May 10, 2008
Famous, Decrepit Building Must Be Repaired

Photograph of the Windermere by edEx on Flickr
A judge ordered that the second-oldest apartment building in New York City must be repaired by its owners. The Windermere, at West 57th Street and Ninth Avenue, has been the scene of of landlord and tenant struggles and evacuations as the fire department has found its conditions unsafe.
The NY Times reports that Judge Karen Smith ordered "the permanent repair and restoration" of the building. The Windermere was landmarked in 2005 (PDF), and owners of landmarked buildings are required to keep them in good shape (sometimes owners rebel). However, owner Toa Construction did not, and the city sued the company in March.
The city will determine what needs to be fixed and Landmarks Preservation Commission chair Robert Tierney told the Times, "The Windermere is an invaluable part of the city’s heritage and now will remain so for future generations." And the New York Landmarks Conservancy describes the merits of the Windermere:
Built in 1881, the Windermere was the pinnacle of Manhattan apartment and social life in its prime. The second-oldest large apartment building in all the boroughs, its exterior boasts intricate brickwork and three-story bow-front windows, and when it opened its doors, its interior featured engraved marble fireplaces, mirrored parlor walls, carved hazlewood moldings and parquet floors that since have been lost to years of water damage and neglect. Now, the Windermere's base has remained under scaffolding and most of its 169 street-side windows have been covered for years.One famous former tenant: Steve McQueen.

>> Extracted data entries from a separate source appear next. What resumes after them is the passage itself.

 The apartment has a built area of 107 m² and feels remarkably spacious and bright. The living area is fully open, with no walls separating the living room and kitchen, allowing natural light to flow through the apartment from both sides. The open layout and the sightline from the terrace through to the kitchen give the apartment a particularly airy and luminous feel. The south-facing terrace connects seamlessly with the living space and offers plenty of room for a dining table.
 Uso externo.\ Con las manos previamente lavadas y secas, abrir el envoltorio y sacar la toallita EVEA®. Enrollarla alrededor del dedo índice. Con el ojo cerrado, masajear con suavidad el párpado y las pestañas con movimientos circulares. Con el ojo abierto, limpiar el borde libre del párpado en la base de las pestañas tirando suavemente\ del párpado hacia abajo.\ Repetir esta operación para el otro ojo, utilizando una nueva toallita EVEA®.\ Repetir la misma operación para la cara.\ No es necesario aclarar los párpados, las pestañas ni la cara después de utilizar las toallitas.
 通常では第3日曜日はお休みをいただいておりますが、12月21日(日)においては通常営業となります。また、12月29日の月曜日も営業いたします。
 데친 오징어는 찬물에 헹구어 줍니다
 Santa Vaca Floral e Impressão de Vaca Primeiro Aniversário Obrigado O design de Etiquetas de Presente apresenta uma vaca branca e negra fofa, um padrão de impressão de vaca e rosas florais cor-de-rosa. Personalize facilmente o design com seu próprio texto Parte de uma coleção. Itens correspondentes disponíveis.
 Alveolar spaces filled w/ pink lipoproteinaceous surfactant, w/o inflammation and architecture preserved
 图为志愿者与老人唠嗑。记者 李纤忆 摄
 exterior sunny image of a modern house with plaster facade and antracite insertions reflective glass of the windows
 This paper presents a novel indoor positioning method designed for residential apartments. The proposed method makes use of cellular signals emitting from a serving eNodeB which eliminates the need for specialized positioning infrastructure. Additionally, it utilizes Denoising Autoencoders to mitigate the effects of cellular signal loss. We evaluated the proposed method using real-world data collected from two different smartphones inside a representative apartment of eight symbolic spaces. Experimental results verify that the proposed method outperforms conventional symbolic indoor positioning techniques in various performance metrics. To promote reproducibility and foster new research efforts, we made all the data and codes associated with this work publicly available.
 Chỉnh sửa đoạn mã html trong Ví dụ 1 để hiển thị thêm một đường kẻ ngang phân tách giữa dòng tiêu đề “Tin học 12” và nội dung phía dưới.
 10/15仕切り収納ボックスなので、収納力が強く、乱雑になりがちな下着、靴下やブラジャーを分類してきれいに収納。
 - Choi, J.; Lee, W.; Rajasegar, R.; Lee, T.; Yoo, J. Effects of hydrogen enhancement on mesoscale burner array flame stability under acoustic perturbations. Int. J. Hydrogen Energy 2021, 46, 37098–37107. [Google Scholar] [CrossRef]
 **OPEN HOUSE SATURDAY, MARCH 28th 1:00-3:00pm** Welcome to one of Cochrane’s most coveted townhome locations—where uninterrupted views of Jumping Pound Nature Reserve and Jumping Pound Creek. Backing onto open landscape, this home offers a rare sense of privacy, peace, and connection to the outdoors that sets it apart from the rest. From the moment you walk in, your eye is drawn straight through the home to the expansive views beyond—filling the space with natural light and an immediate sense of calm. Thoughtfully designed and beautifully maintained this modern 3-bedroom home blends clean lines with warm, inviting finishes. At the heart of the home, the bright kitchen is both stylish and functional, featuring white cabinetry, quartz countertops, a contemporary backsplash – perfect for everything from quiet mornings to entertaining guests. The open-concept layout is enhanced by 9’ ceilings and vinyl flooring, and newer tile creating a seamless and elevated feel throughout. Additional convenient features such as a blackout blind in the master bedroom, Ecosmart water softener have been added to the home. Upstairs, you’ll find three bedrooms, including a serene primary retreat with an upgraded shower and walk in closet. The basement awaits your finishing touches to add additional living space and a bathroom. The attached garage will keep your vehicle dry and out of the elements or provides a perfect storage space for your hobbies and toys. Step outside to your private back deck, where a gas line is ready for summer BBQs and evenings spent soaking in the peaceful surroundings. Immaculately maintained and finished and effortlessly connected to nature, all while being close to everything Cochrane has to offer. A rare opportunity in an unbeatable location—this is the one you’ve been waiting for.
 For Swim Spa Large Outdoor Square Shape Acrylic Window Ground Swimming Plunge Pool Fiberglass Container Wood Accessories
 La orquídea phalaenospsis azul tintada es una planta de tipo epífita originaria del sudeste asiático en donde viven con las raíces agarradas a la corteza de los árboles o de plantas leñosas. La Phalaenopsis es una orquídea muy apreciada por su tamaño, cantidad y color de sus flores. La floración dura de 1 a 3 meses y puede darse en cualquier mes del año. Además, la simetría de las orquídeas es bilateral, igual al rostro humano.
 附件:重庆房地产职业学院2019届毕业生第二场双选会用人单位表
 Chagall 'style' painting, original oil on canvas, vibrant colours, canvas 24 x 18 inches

I hope Steve McQueen is a famous former tenant. He was very cool, but I'd hate to run into him in the laundry room now.
What's the oldest apartment building?
Nothing a good fire can't fix.
Isn't this place haunted? Not that I believe in that stuff because if that were true, all of the city would be haunted.
#3
well if it does burn, we know which IP address to give to the NYPD.
That building reeks of wet contagious mold. Unbelievable that 5 people lived there until last year.
Just keep Bloomberg away from it...it'll never get redeveloped.
The owners haven't done anything and the judge is trusting them to follow the order? By the time she finds them in contempt, the building may have fallen down. Who's to say they won't hire substandard contractors anyway? I would have set the penalty during the verdict at immediate forteiture of the building. If building owners won't fix up a structure, then the city should give it to somebody who will.
Should the courts force anyone to maintain a neglected building that's over 100 years old? Unless the current owners held the building's title for the last 30 years, they cannot be responsible for all the long term neglect.
How long does it take to fix problems? Certainly not 30 years. Even if you just maintain the same decrepit condition you bought it in, 30 years is too long. You bought it, you fix it, plain and simple. It's not like they didn't know the building's condition before they bought it.
Masako Yamagata has owned the building since 1986.
The Manhattan on 86th Street and Second Avenue, dating from 1880, is considered the oldest large apartment building in the borough.